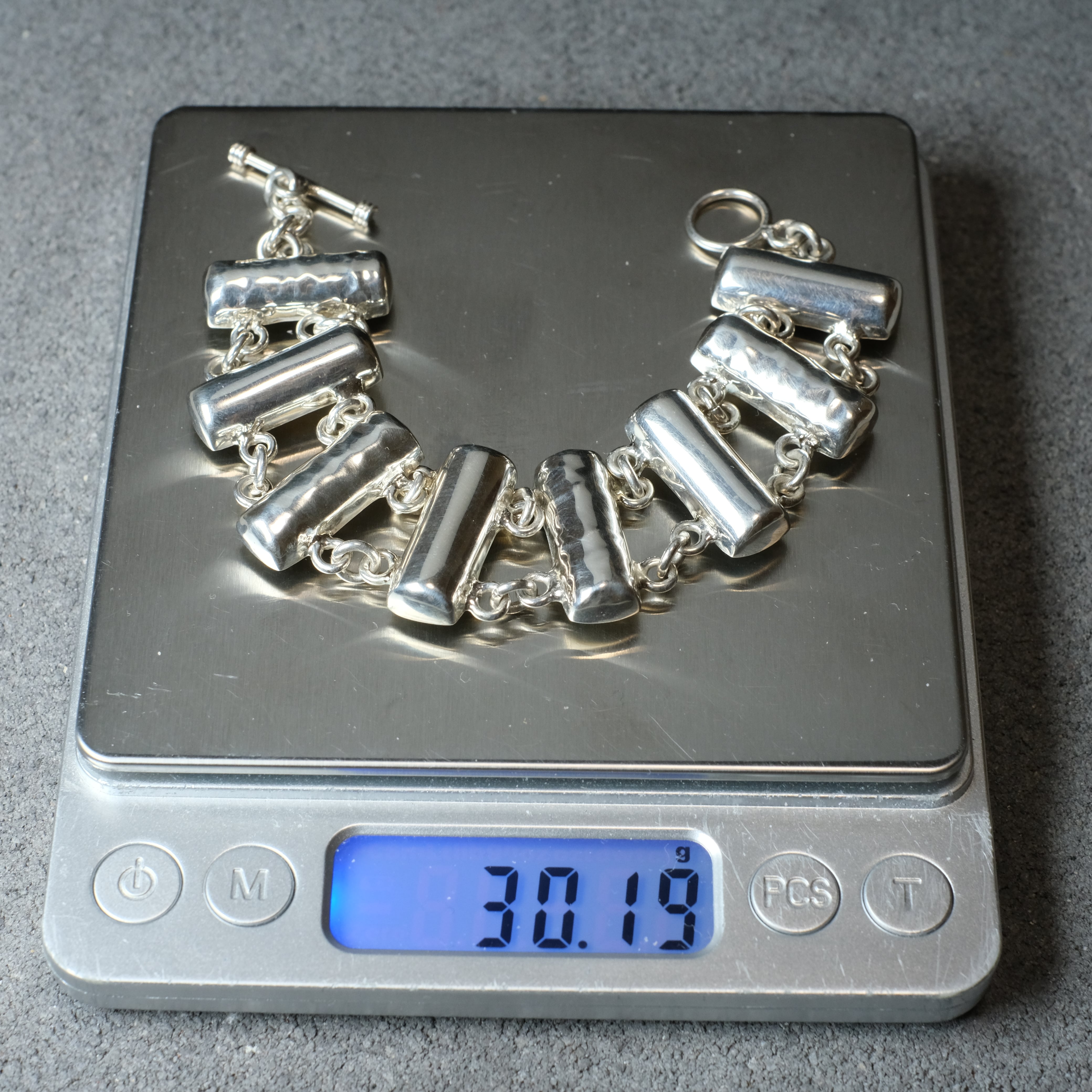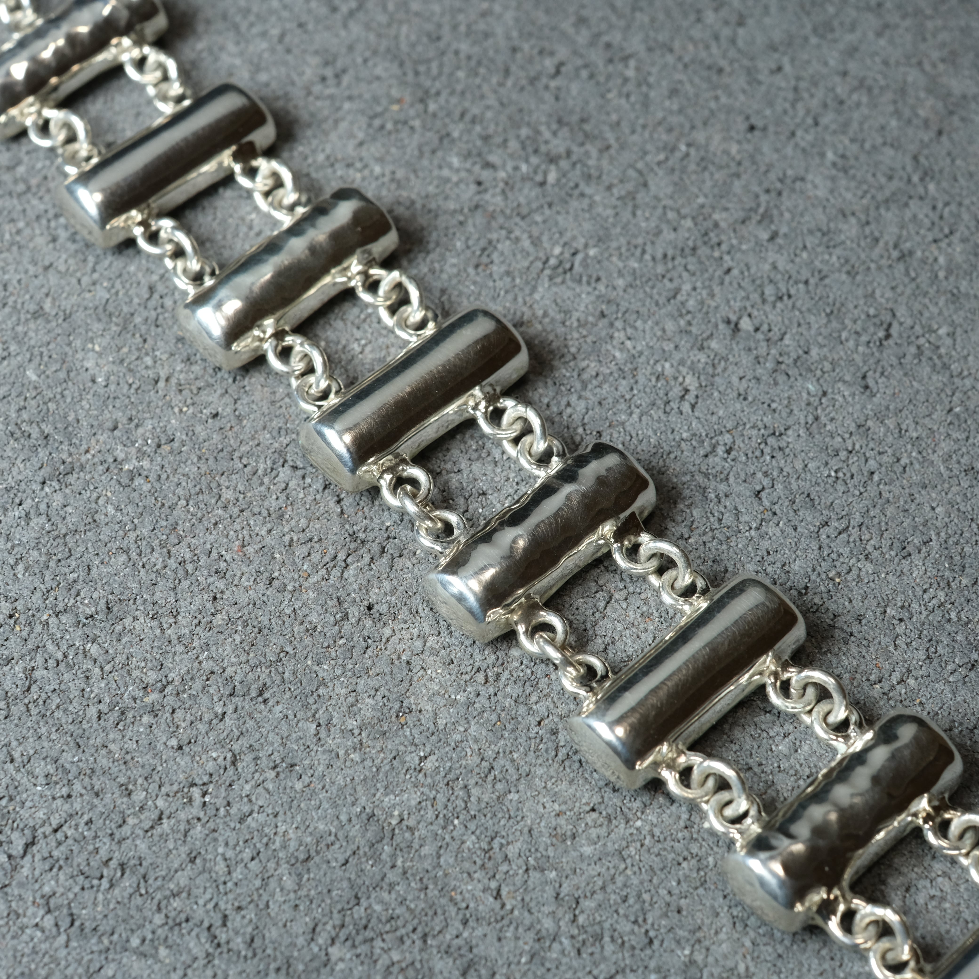 メキシコ タスコ製 TAXCO シルバー925 ワイドダブルチェーンブレスレット/軽研磨仕上げ
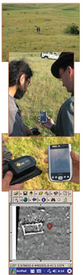 - Scott and Tuna verifying geophysical maps with the aid of a handheld GPS receiver and a palmtop.
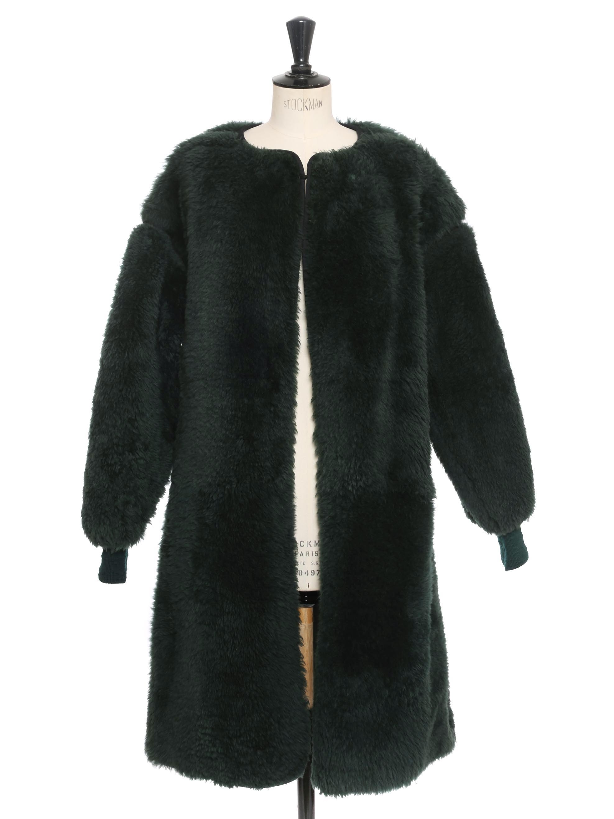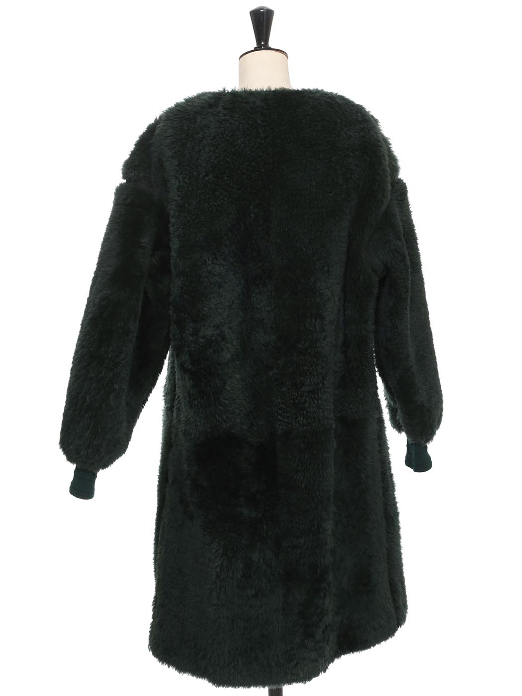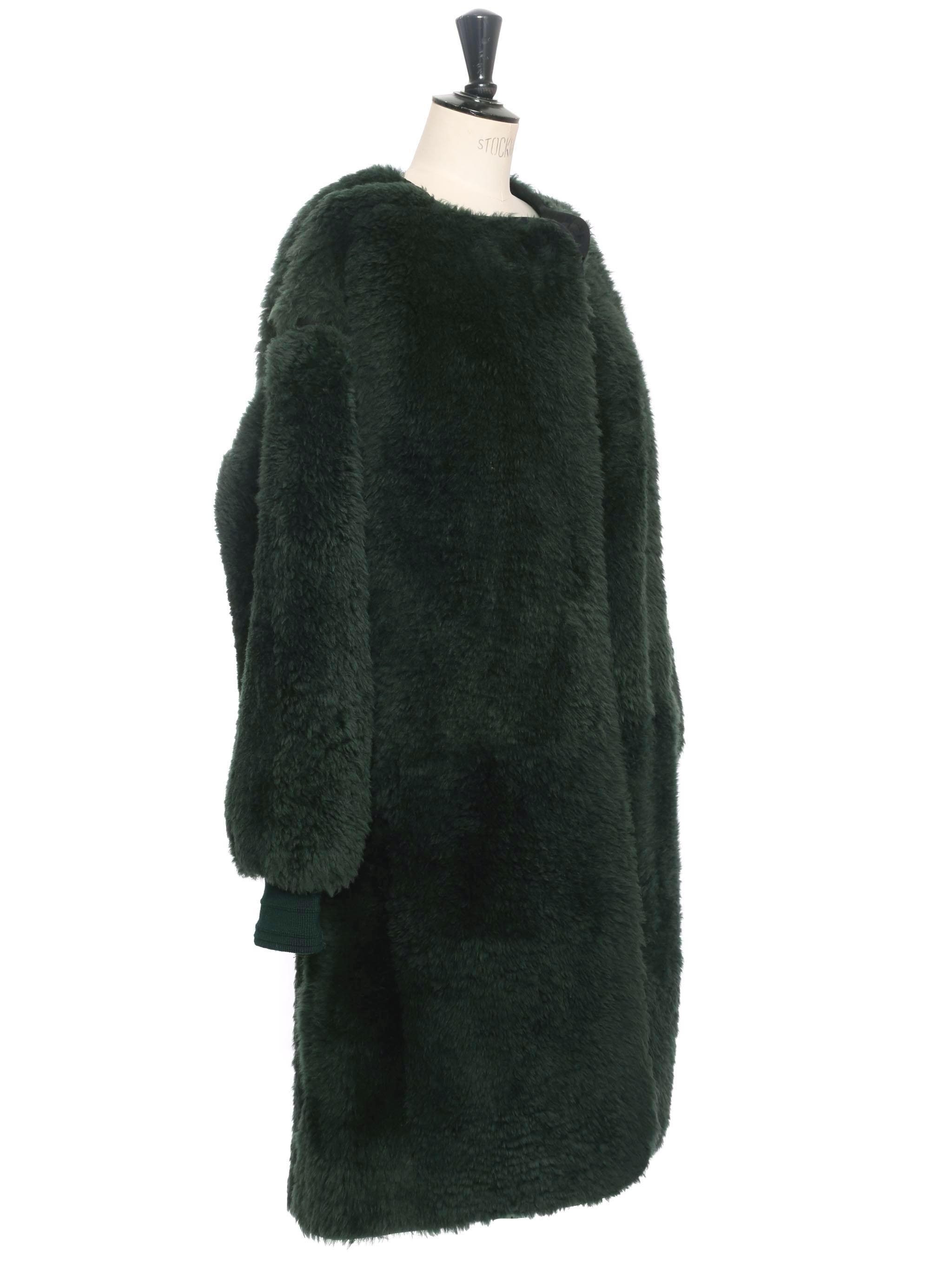 Magnifique manteau en peau lainée vert foncé de la maison de couture française CHLOE.
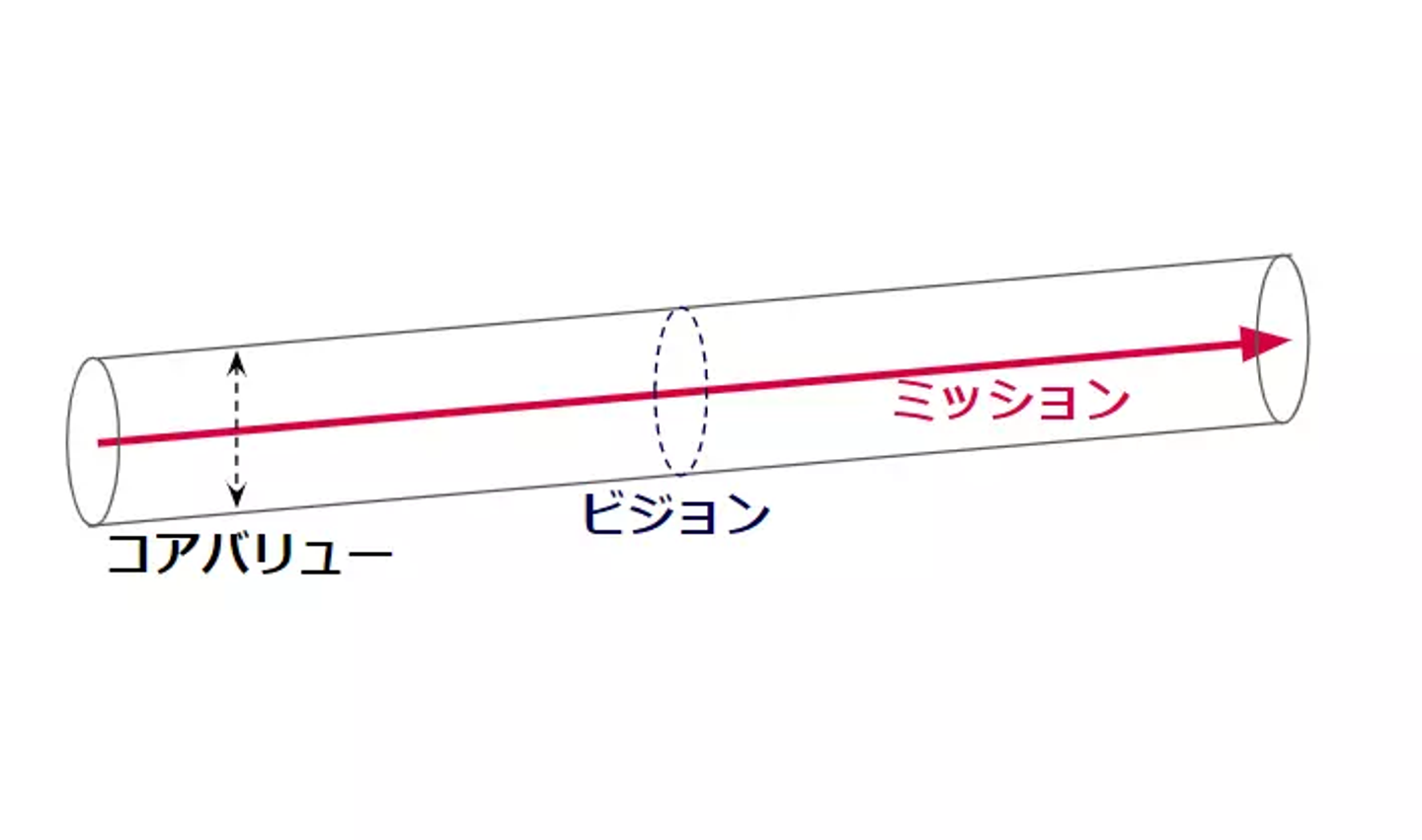 トンネルは枠(=コアバリュー )と軸(=ミッション)から成り立っています。そしてある時点でのトンネルの断面がビジョンです。その時のありたい姿ですね。
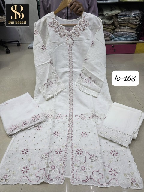 FABRICS :- ROMAN COTTON FABRIC WITH HEAVY HAND WORK EMB
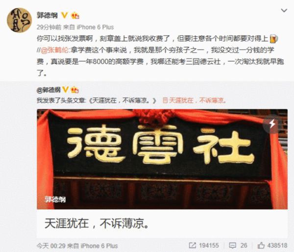 近日,曹云金與師父郭德綱陷入罵戰(zhàn),早前曹云金開炮后,郭德綱在25日凌晨終于發(fā)表長文反擊,稱就在今天(9月25日)下午,曹云金再次做出了回應,并曬出發(fā)票證明郭德綱曾收過學費。郭德綱隨后再度回擊曹云金:“你可以找張發(fā)票啊,刻章蓋上就說我收費了,但要注意各個時間都要對得上?!币芍覆茉平鹌睋?jù)有假。
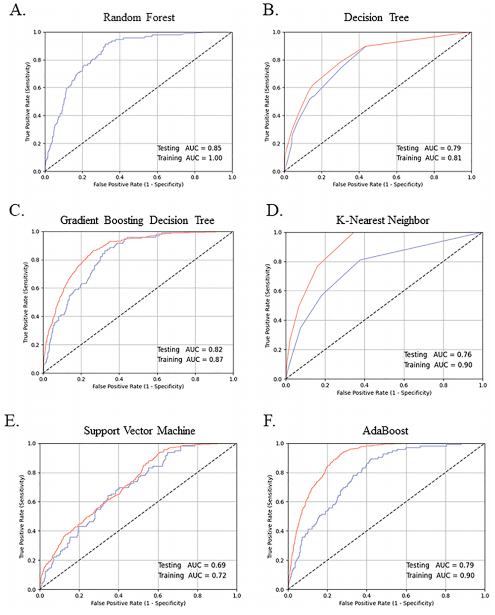 研究比较了随机森林(RF)、决策树(DT)、梯度增强决策树(GBDT)、K近邻(KNN)、支持向量机(SVM)和AdaBoost(AB)六种机器学习模型(图1)。基于4600名参与者的数据,分析了模型的AUC值、准确率、精确度和F1分数。结果显示,随机森林模型表现最佳,准确率为90.00%,精确度为0.91,F1分数为0.86。
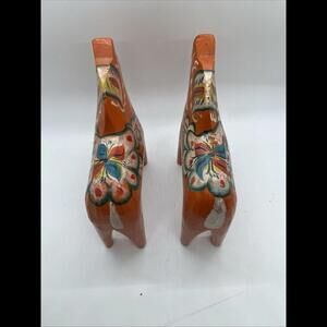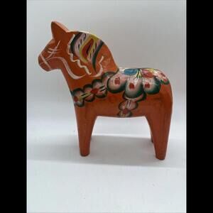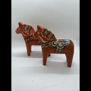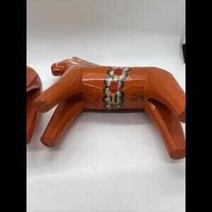 Two Olsson Dala Horse hand-carved and painted in wood from Sweden. Each horse is 6 inches tall and features traditional Swedish craftsmanship. These handmade pieces are intricately designed with no labels attached, adding to their authentic charm and character.
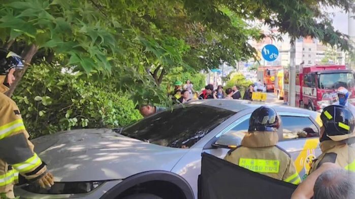 택시 1대가 인도에 올라타 멈춰서 있고, 구조대원들이 현장을 오가며 분주하게 구조 작업을 벌이고 있습니다.
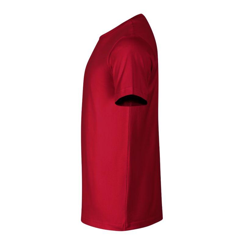 Single Jersey, 100 % einlaufvorbehandelte Baumwolle, temperaturbeständig, waschbar bis 95 °C (weiß) und 60 °C (farbig), Schnitt mit Seitennähten, Halsausschnitt aus 1:1-Rippstrick, verstärkte Schulternähte. Produkt in zwei Ausführungen erhältlich: mit oder ohne Markenlabel in der Seitennaht (siehe Farbkarte). Die Label-Option ist nur erhältlich, solange der Vorrat reicht.
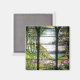 Linda Janela de Vidro de Arte Nouveau Contida por Tiffany das Flores Iris em um Fluxo está neste Magneto. A imagem é dominio público devido a direitos autorais expirados.
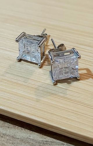 forma cuadrada, con circonitas. Nuevos. Comprado en joyería local.
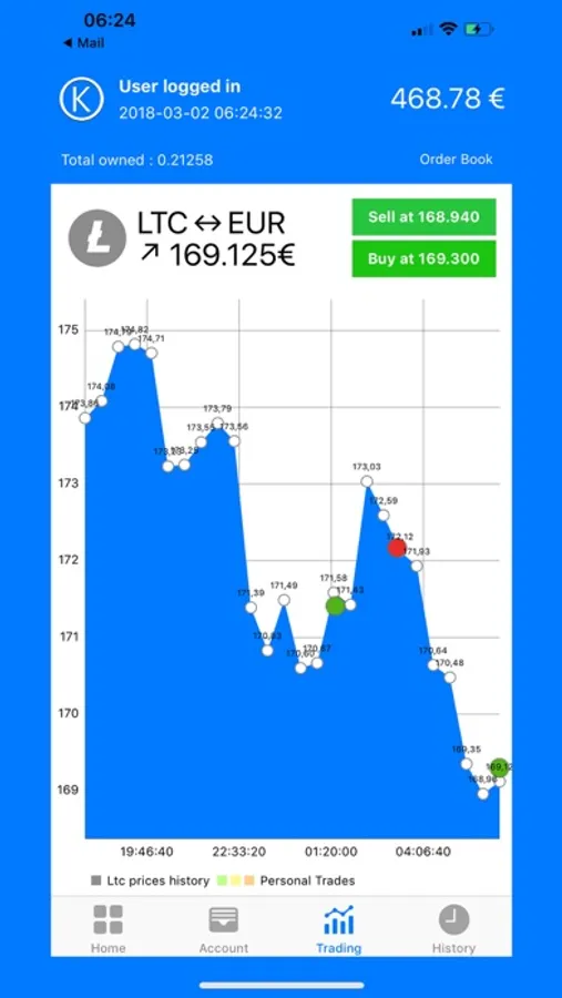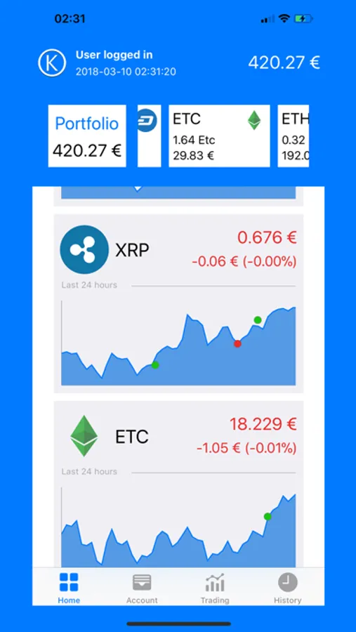 + Real time overview of all cryptocurrency with real time Charts inluding personal trades
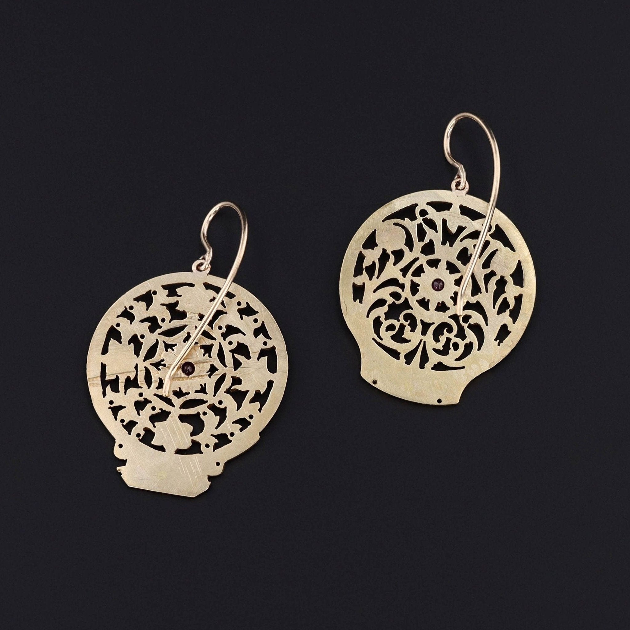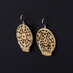 These antique earrings were created from Georgian watch cocks (circa 1780-1800) by adding rubies and 14k gold ear wires to the gold gilt dangles.
————————
All of the material above should be reproduced exactly, except the pictures.

 メキシコ タスコ製 TAXCO シルバー925 ワイドダブルチェーンブレスレット/軽研磨仕上げ
 - Scott and Tuna verifying geophysical maps with the aid of a handheld GPS receiver and a palmtop.
 Magnifique manteau en peau lainée vert foncé de la maison de couture française CHLOE.
 トンネルは枠(=コアバリュー )と軸(=ミッション)から成り立っています。そしてある時点でのトンネルの断面がビジョンです。その時のありたい姿ですね。
 FABRICS :- ROMAN COTTON FABRIC WITH HEAVY HAND WORK EMB
 近日,曹云金與師父郭德綱陷入罵戰(zhàn),早前曹云金開炮后,郭德綱在25日凌晨終于發(fā)表長文反擊,稱就在今天(9月25日)下午,曹云金再次做出了回應,并曬出發(fā)票證明郭德綱曾收過學費。郭德綱隨后再度回擊曹云金:“你可以找張發(fā)票啊,刻章蓋上就說我收費了,但要注意各個時間都要對得上?!币芍覆茉平鹌睋?jù)有假。
 研究比较了随机森林(RF)、决策树(DT)、梯度增强决策树(GBDT)、K近邻(KNN)、支持向量机(SVM)和AdaBoost(AB)六种机器学习模型(图1)。基于4600名参与者的数据,分析了模型的AUC值、准确率、精确度和F1分数。结果显示,随机森林模型表现最佳,准确率为90.00%,精确度为0.91,F1分数为0.86。
 Two Olsson Dala Horse hand-carved and painted in wood from Sweden. Each horse is 6 inches tall and features traditional Swedish craftsmanship. These handmade pieces are intricately designed with no labels attached, adding to their authentic charm and character.
 택시 1대가 인도에 올라타 멈춰서 있고, 구조대원들이 현장을 오가며 분주하게 구조 작업을 벌이고 있습니다.
 Single Jersey, 100 % einlaufvorbehandelte Baumwolle, temperaturbeständig, waschbar bis 95 °C (weiß) und 60 °C (farbig), Schnitt mit Seitennähten, Halsausschnitt aus 1:1-Rippstrick, verstärkte Schulternähte. Produkt in zwei Ausführungen erhältlich: mit oder ohne Markenlabel in der Seitennaht (siehe Farbkarte). Die Label-Option ist nur erhältlich, solange der Vorrat reicht.
 Linda Janela de Vidro de Arte Nouveau Contida por Tiffany das Flores Iris em um Fluxo está neste Magneto. A imagem é dominio público devido a direitos autorais expirados.
 forma cuadrada, con circonitas. Nuevos. Comprado en joyería local.
 + Real time overview of all cryptocurrency with real time Charts inluding personal trades
 These antique earrings were created from Georgian watch cocks (circa 1780-1800) by adding rubies and 14k gold ear wires to the gold gilt dangles.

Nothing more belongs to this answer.